From start to finish, the evolution of the “jetty ramp” has been a volunteer effort. That continues to be true as skaters and their supporters work to refurbish the popular recreational spot.

Anyone driving by Surfer’s Beach in El Granada will notice a different yet familiar feature in the dirt parking lot. A new half-pipe, paid for by the Granada Community Services District and assembled by volunteers starting last week, is nearly ready for use.

On Aug. 15, the community services district board unanimously agreed to allow the ramp to be moved onto district property, 50 feet from its original Burnham Strip location, so long as the budget did not exceed $10,000. But upon inspection, the ramp was deemed too costly to fix and relocate. So, the district decided to use the money on materials, allowing volunteers to build a new half-pipe so long as it was the same size as the original. 

Volunteers agreed and then got to work. They dismantled the old ramp and cleaned up the garbage in the surrounding area. 

The construction is being organized by Scott Menary, of Brothers Builders, and Erik Upvall. They’ve worked 12-hour days in the lot to get the halfpipe operational. They did not get underway until the last week of October as they needed to organize their building plan.

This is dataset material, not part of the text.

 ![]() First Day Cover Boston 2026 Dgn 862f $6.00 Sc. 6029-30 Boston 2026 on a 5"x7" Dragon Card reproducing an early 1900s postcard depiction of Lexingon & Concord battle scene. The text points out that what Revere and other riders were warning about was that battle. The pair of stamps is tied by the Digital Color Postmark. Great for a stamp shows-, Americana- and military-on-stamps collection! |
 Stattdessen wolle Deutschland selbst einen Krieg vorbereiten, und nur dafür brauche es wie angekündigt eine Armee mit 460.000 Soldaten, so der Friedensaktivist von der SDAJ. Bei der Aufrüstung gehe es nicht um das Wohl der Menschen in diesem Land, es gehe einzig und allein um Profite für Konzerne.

The new structure rose out of months of speculation about the fate of the old skate facility. The first halfpipe was built on the Burnham Strip in 2011, on adjacent Caltrans property, by a group of local volunteers without a permit or permission. Earlier this year, community members heard the popular facility was at risk of being demolished by Caltrans if it was not removed from its property. They immediately reached out to the GCSD. 

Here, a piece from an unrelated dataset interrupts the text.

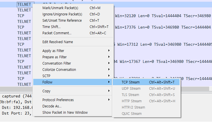 TELNET 패킷 중 아무거나 하나를 골라서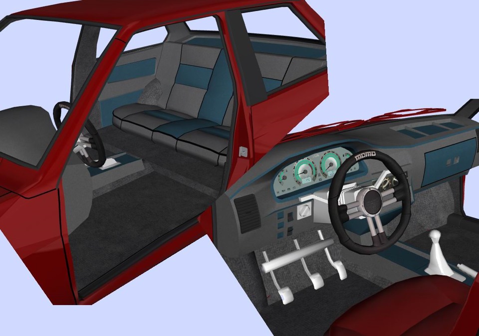 По началу начинал делать машину в Zanoza Modeler, это редактор разработанный нашим советским человеком для моделирования в игры) а потом я эту машину перенес в 3ds max и начал его осваивать благодаря этому проекту. Скрин салона из Занозы

Board president Matthew Clark said the district’s May meeting, that drew more than 50 attendees, was likely its largest turnout ever for a GCSD meeting. Clark said the board was receptive to saving the half-pipe when the community came forward.

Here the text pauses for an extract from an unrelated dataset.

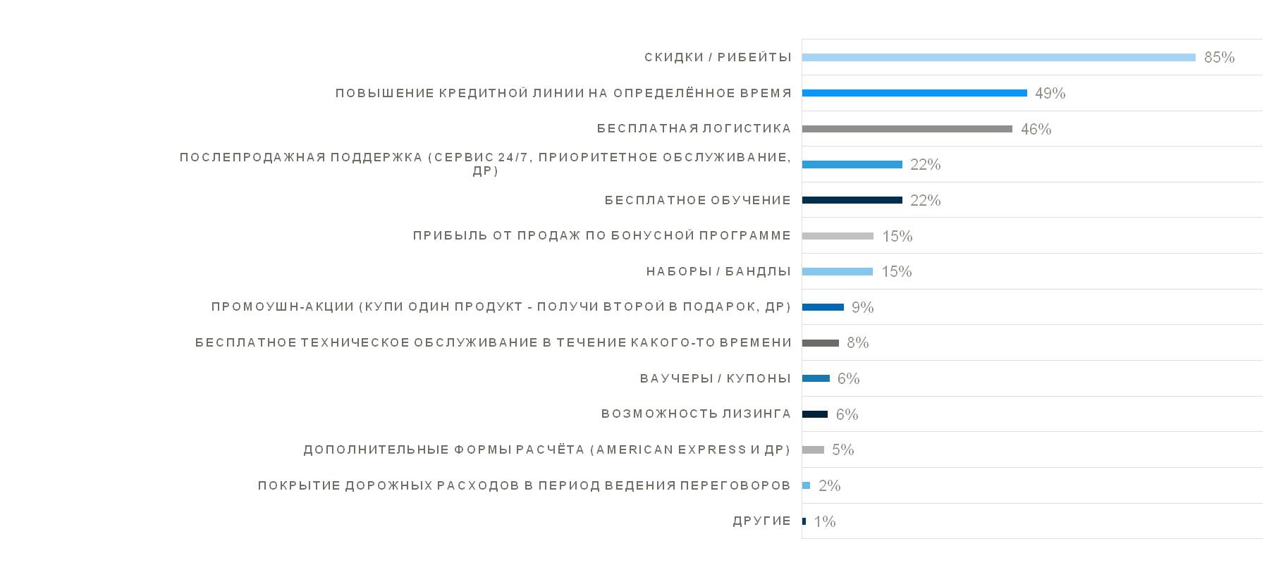 Наиболее важными стимулами для канала являются скидки и рибейты (85% ответов), что вполне ожидаемо. Кроме того, реселлеры ценят повышение кредитной линии (49%) и бесплатную логистику (46%) (рис. 3).

Steve Hawk, who sits on the Board of the Tony Hawk Foundation, which builds skateparks across the country, helped create so others could join the movement online. Hawk said there were more than 150 people signed on, and while most were not skaters themselves, they still saw the ramp as a valuable part of the community.

“To me, that was an indication of a silent, not majority, but up till now relatively unknown, community of skateboarders and their families who really liked the idea of having a permanent skate facility in El Granada,” Hawk said. 

Barbara Dye, the board’s vice president, said the local community and the board worked together to make sure the half-pipe was not lost for good. 

“We wanted to make sure what ended up on our property was properly constructed and safe,” Dye said. “All that stuff that happened behind the scenes, the skateboarding community was pretty clear that they would make this happen if we supported moving it.”